心のままに
翌朝、目を覚ましてぐいっと背伸びをした。朝の日差しが窓から差し込んできて、寝ぼけた頭をしゃきっと切り替えさせる。
レイアは俺より先に起きていたようだった。工具を広げてカチャカチャと音を立て何かを弄っている、集中しているし声をかけるのは止めた。
ああして作業をしながらレイアは心の中を落ち着けてもいる、並行して頭の中も整理しているのだ、発明は彼女にとって大いなる夢でありなくてはならない支えの一つでもあった。
シンシアさんに頼んで食事を運ばせてもらう、側に置いておけばそのうち匂いに気がついて食べるだろう。
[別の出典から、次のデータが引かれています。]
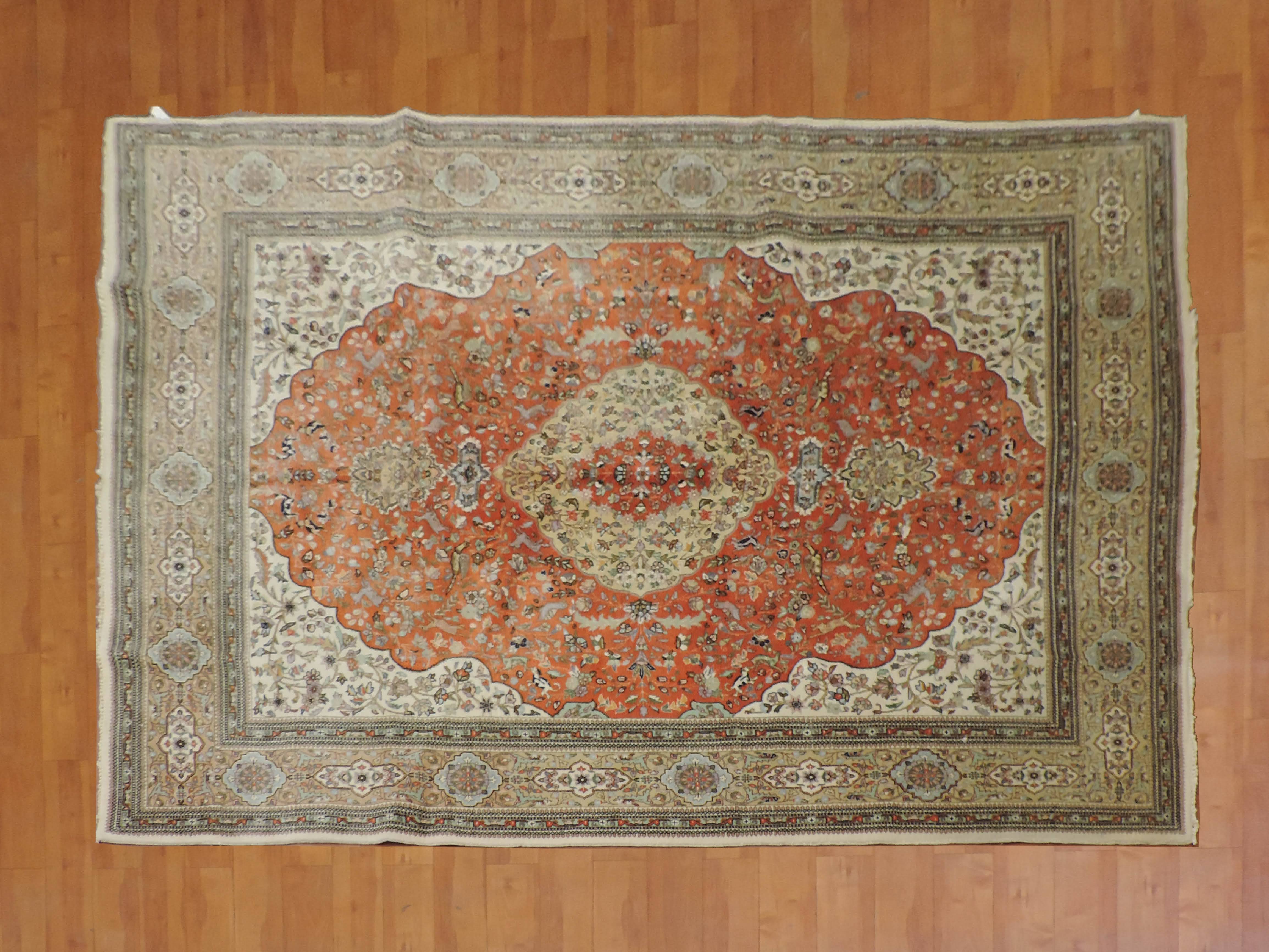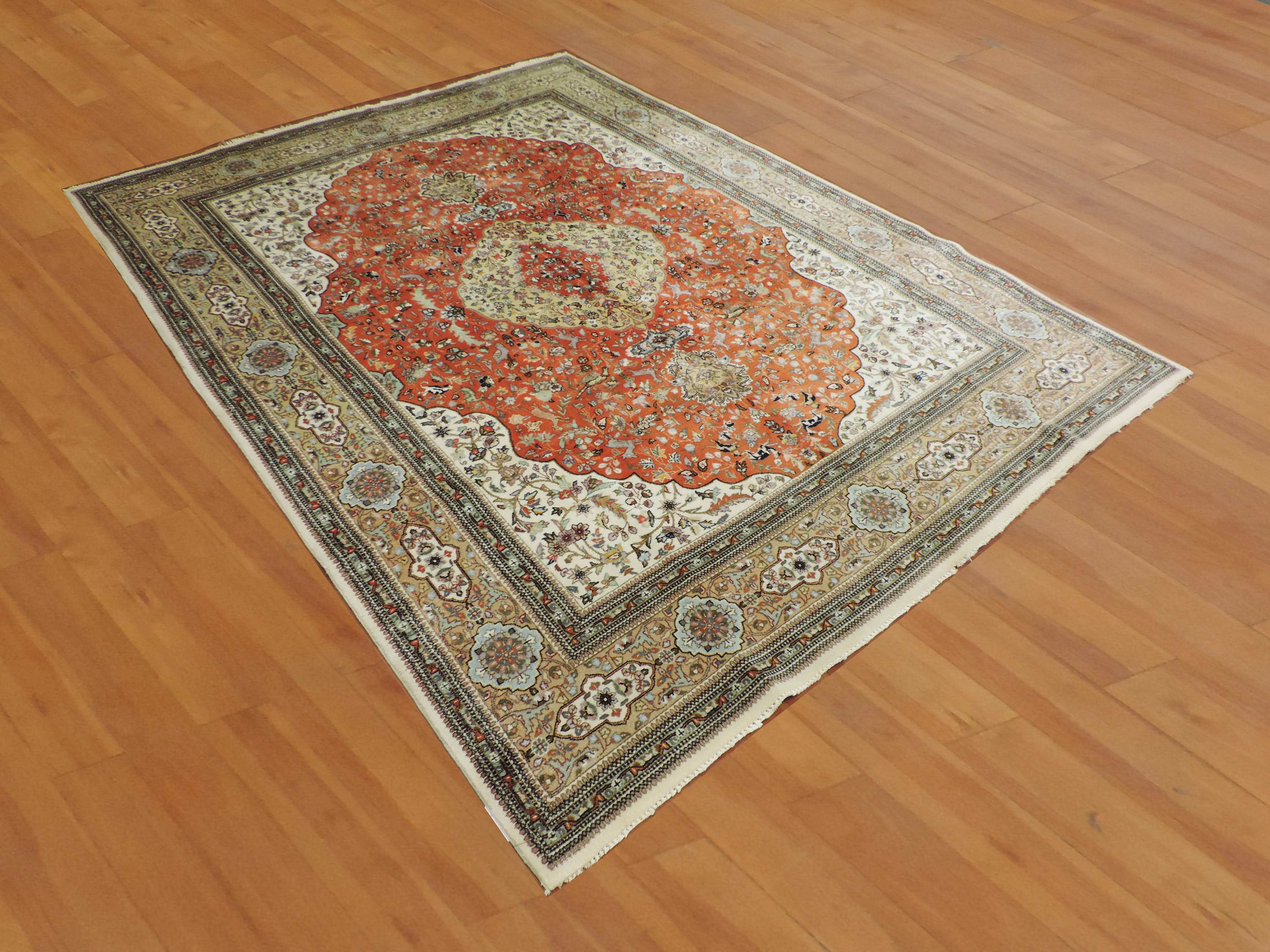 Experience the timeless allure of the East with the Koko-2326 rug, a vintage treasure from Iran. Hand-knotted with care using superior quality wool on a robust cotton foundation, this exquisite piece boasts an enchanting floral design set against a rich, rust background. Its generous 10x14 size and unique Tabriz style make it an irresistible find for discerning collectors. Currently on sale for $2600, get it now and infuse your space with an aura of authentic oriental charm.

放っておけば寝食も忘れてしまうからフォローが必要だ。
俺は宿屋の庭を借りてファンタジアロッドを取り出した。ずっと続けてきた訓練がある、想定するのは実戦、想像するのはどこまでも自由に戦う自分、ファンタジアロッドに秘められた可能性を常識で邪魔してはならない。
伸びる縮む、掴む離す。柔らかく弾力をもたせることも出来れば、鋭く硬化させる事も出来る。変幻自在の性質を活かすには、いつだって自由な自分を想像し続ける必要がある。
素振りを終えて顔を洗う、温まった体に冷えた水が心地良い。昨日の暗い気持ちはすっかりと消えて、俺の感情はしっかり元に戻っていた。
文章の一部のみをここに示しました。